If you will recall, DH and his family go on a family vacation each summer.
This year at the end of the trip, they talked about where to go next summer.
A first suggestion was an East Coast beach tourist destination (not Florida).
This year we paid for the house and our travel and a portion of the food. DH’s parents mostly paid for the rest. But the house was cheap because it just doesn’t cost much to Air BnB a house in a state capitol in the summer. So total was something like $2,500.
East Coast tourist destinations are expensive and far away from the Midwest (except Florida, which is relatively cheap but still far away).
Another suggestion was a popular midwestern summer destination heavy on theme parks. Some of us would fly but some of them could drive. But the group houses there are expensive! I don’t feel like we could foot the entire bill like we did this year, especially since we’d probably be staying longer than three nights.

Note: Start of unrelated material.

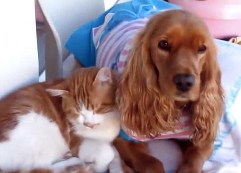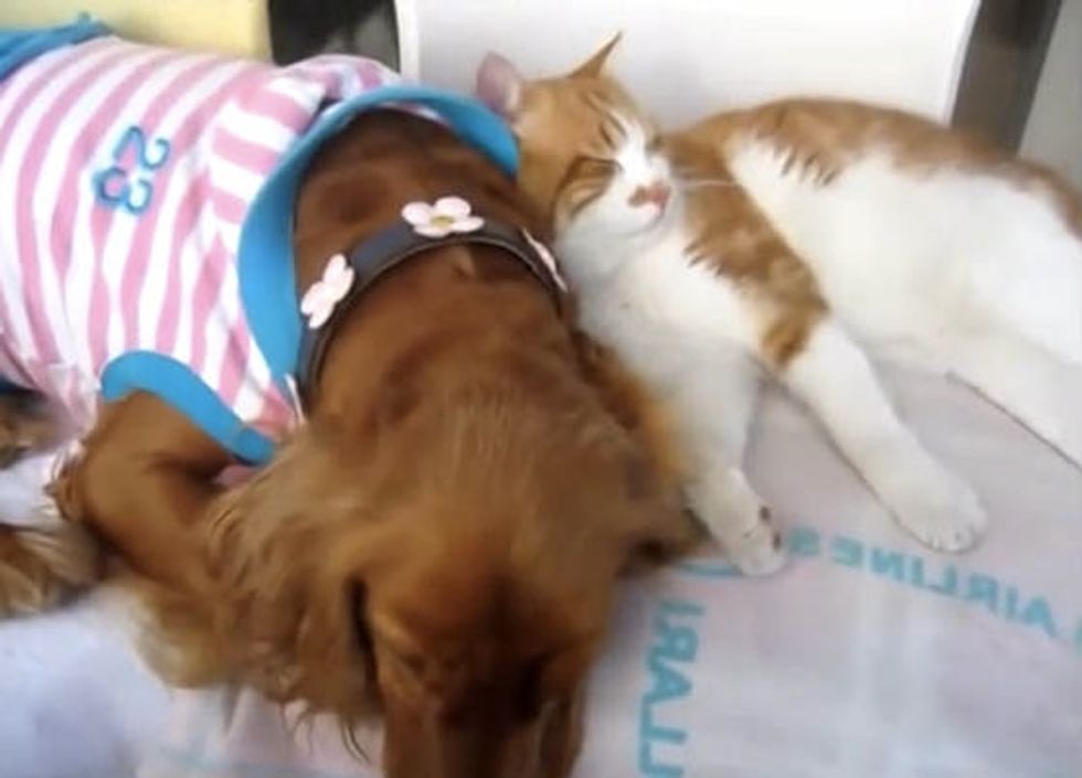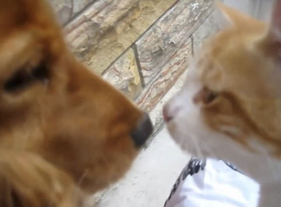 When a stray cat met a family dog, it was love at first sight. "I came to know this cat while taking my dog for a walk, (and) it started following us," said the human via YouTube. Eventually the cat followed them home.

Neither of DH’s siblings asked about defraying the cost of lodging this year. We wouldn’t have let them contribute this year because it wasn’t a big deal, but if we’re talking about a more popular tourist destination, the price goes up. BIL has a good union job with a SAHW and a house that’s bigger than ours (glassdoor suggests a salary ~$90K, but who knows). SIL’s family makes over 100K now (she’s a teacher so her salary is public and MIL said her husband is now making more than she is with his latest raise– I am so crass!). Of course, BIL has paid for his wife’s family to go with them on a second trip to Disney World. SIL is financially supporting her husband’s family in many ways. So income is not the same as disposable income.

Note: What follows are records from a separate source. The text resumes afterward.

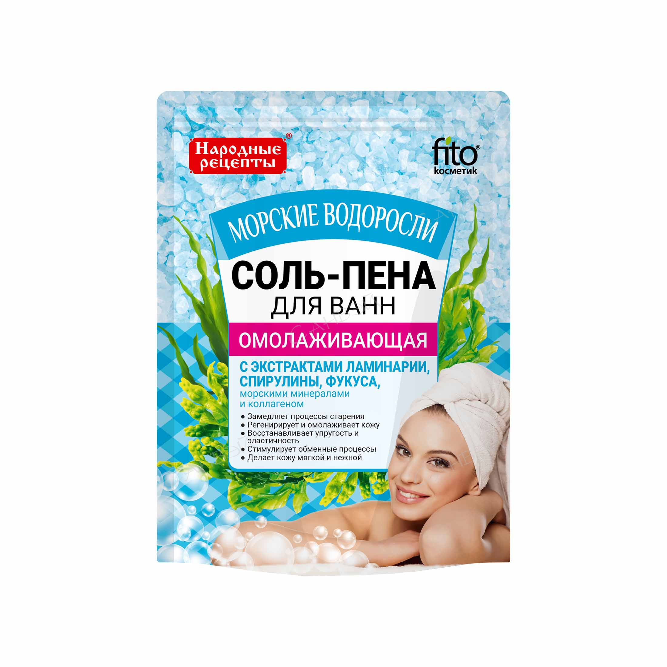 Народные Рецепты Соль-пена для ванн Омолаживающая Морские водоросли 200 г на основе натуральных, проверенных временем компонентов - это волшебная купель красоты, молодости, здоровья и долголетия. Соль-пена с экстрактами морских водорослей обладает эффектом лифтинга, ускоряет восстановление и омоложение всех слоев эпидермиса, замедляет процессы старения кожи, стимулирует выработку коллагена, эластина и гиалуроновой кислоты, улучшает обмен веществ, усиливает регенерацию, освежает кожу, делает ее гладкой, нежной и красивой. Легкая воздушная пена превратит принятие ванны в очаровательную расслабляющую процедуру.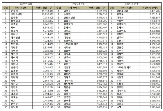 2025년 10월 스타 브랜드평판 30위 순위는 방탄소년단, 임영웅, 아이브, 손흥민, 블랙핑크, 유재석, 트와이스, 김용빈, 변우석, 류현진, 김연경, 전현무, 조우진, 이채민, 세븐틴, 이병헌, 박지현, 스트레이 키즈, 페이커, 박나래, 박진영, 우즈, 조용필, 김우빈, 데이식스, 김고은, 샤이니, 추성훈, 아이들, NCT 순으로 분석됐다.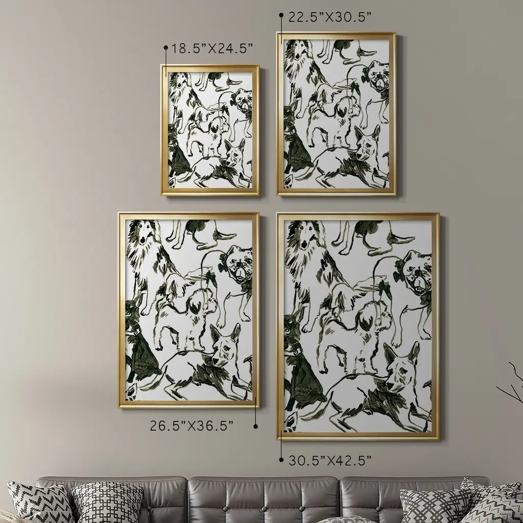 Canine Collage I Premium Framed Print - Ready to Hang A Premium Framed Print created to last. Framed in distressed wood and available in an array of sizes and colors Featuring a beveled a solid wood stretcher bar, each piece comes ready to hand 4 SIZES AVAILABLE 30.5''X42.5'' - Overall Size 26.5'X36.5'' - Overall Size 22.5''x30.5'' - Overall Size 18.5''x24.5'' - Overall Size Each piece is made to order. Each piece comes with hanging hardware. Made in the USA Ready to Hang

DH had been thinking that next year they could all gather in BIL’s hometown, which is an hour or so away from SIL’s. But it sounds like they want to do something more exciting. Which means we have to think about how much of the cost we’re going to defray and what we’ll let DH’s parents pay. And… I think it’s really unlikely that either DH or his parents will ask his siblings to contribute unless they decide to get separate hotel rooms instead of renting a house. And I think it’s really unlikely that his siblings will even think of offering.
What is wrong with me that we can’t just give a gift without me expecting some gratitude or acknowledgement? I think in this case, it really is the money. We can handle nobody knowing or caring that we paid for a lot of this summer’s vacation and other previous summers, but once they start talking about more and more expensive places without chipping in (to be fair, DH’s parents do offer to pay for the entire thing and have paid for whatever we don’t pay for in the past, or to be more accurate, with the exception of this past year they pay and we contribute) it seems like a bit much. We can fix that in the future by saying we can contribute X amount during the planning stage, so it’s unlikely to be a big deal going forward. I don’t think DH’s parents would spend so much on one of these family vacations that it would jeopardize their retirement, so we shouldn’t be worrying about that possibility.
Anyhow, I feel like a jerk about money. We do still make more than the rest of DH’s family. If we don’t offer to contribute, DH’s parents will pay for everything. As far as we know, they’re not in danger of running out of retirement money. This shouldn’t be a problem. And yet, I have to admit, I’m a bit annoyed. But we will probably continue this way unless and until some negative change in DH’s job situation.